Homilía íntegra del Papa Francisco en la misa de inicio de su pontificado (19 de marzo de 2013)
Queridos hermanos y hermanas
Doy
gracias al Señor por poder celebrar esta Santa Misa de comienzo del
ministerio petrino en la solemnidad de san José, esposo de la Virgen
María y patrono de la Iglesia universal: es una coincidencia muy rica de
significado, y es también el onomástico de mi venerado Predecesor: le
estamos cercanos con la oración, llena de afecto y gratitud.
Saludo
con afecto a los hermanos Cardenales y Obispos, a los presbíteros,
diáconos, religiosos y religiosas y a todos los fieles laicos. Agradezco
por su presencia a los representantes de las otras Iglesias y
Comunidades eclesiales, así como a los representantes de la comunidad
judía y otras comunidades religiosas. Dirijo un cordial saludo a los
Jefes de Estado y de Gobierno, a las delegaciones oficiales de tantos
países del mundo y al Cuerpo Diplomático.
Hemos
escuchado en el Evangelio que «José hizo lo que el ángel del Señor le
había mandado, y recibió a su mujer» (Mt 1,24). En estas palabras se
encierra ya la la misión que Dios confía a José, la de ser custos,
custodio. Custodio ¿de quién? De María y Jesús; pero es una custodia que
se alarga luego a la Iglesia, como ha señalado el beato Juan Pablo II:
«Al igual que cuidó amorosamente a María y se dedicó con gozoso empeño a
la educación de Jesucristo, también custodia y protege su cuerpo
místico, la Iglesia, de la que la Virgen Santa es figura y modelo»
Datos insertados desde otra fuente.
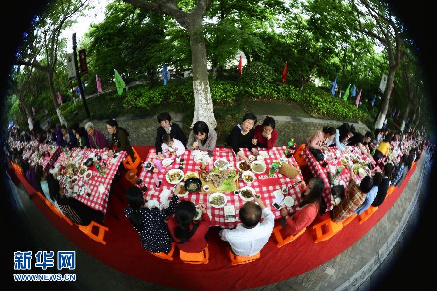 4月26日,食客们在杭州“全牛宴流水席”上就餐。当日,2014第五届杭州拱墅运河美食节的“压轴大戏”——“全牛宴流水席”在京杭大运河边的大兜路美食街开席。本场“全牛宴流水席”设138桌,一字排开总长约450米,由100名厨师共同制作。整台全牛宴菜品以牛的各个部位为原料,辅以绿色食材加工而成,供千余人同时开席。新华社发(李忠 摄)

(Exhort. ap. Redemptoris Custos, 1).
¿Cómo
ejerce José esta custodia? Con discreción, con humildad, en silencio,
pero con una presencia constante y una fidelidad y total, aun cuando no
comprende. Desde su matrimonio con María hasta el episodio de Jesús en
el Templo de Jerusalén a los doce años, acompaña en todo momento con
esmero y amor. Está junto a María, su esposa, tanto en los momentos
serenos de la vida como los difíciles, en el viaje a Belén para el censo
y en las horas temblorosas y gozosas del parto; en el momento dramático
de la huida a Egipto y en la afanosa búsqueda de su hijo en el Templo; y
después en la vida cotidiana en la casa de Nazaret, en el taller donde
enseñó el oficio a Jesús
¿Cómo
vive José su vocación como custodio de María, de Jesús, de la Iglesia?
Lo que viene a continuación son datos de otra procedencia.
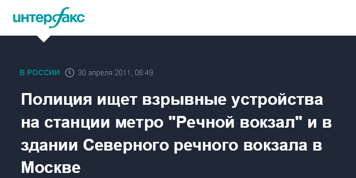 "На пульт оперативного дежурного поступил сигнал об угрозе взрыва на станции метро "Речной вокзал" и в здании Северного речного вокзала, – сообщил "Интерфаксу" источник в правоохранительных органах.

Con la atención constante a Dios, abierto a sus signos, disponible a su
proyecto, y no tanto al propio; y eso es lo que Dios le pidió a David,
como hemos escuchado en la primera Lectura: Dios no quiere una casa
construida por el hombre, sino la fidelidad a su palabra, a su designio;
y es Dios mismo quien construye la casa, pero de piedras vivas marcadas
por su Espíritu. Y José «custodio» porque sabe escuchar a Dios, se deja
guiar por su voluntad, y precisamente por eso es más sensible aún a las
personas que se le han confiado, sabe cómo leer con realismo los
acontecimientos, está atento a lo que le rodea, y sabe tomar las
decisiones más sensatas. En él, queridos amigos, vemos cómo se responde a
la llamada de Dios, con disponibilidad, con prontitud; pero vemos
también cuál es el centro de la vocación cristiana: Cristo. Guardemos a
Cristo en nuestra vida, para guardar a los demás, salvaguardar la
creación.
Pero
la vocación de custodiar no sólo nos atañe a nosotros, los cristianos,
sino que tiene una dimensión que antecede y que es simplemente humana,
corresponde a todos. Es custodiar toda la creación, la belleza de la
creación, como se nos dice en el libro del Génesis y como nos muestra
san Francisco de Asís: es tener respeto por todas las criaturas de Dios y
por el entorno en el que vivimos. Es custodiar a la gente, el
preocuparse por todos, por cada uno, con amor, especialmente por los
niños, los ancianos, quienes son más frágiles y que a menudo se quedan
en la periferia de nuestro corazón. Es preocuparse uno del otro en la
familia: los cónyuges se guardan recíprocamente y luego, como padres,
cuidan de los hijos, y con el tiempo, también los hijos se convertirán
en cuidadores de sus padres. Es vivir con sinceridad las amistades, que
son un recíproco protegerse en la confianza, en el respeto y en el bien.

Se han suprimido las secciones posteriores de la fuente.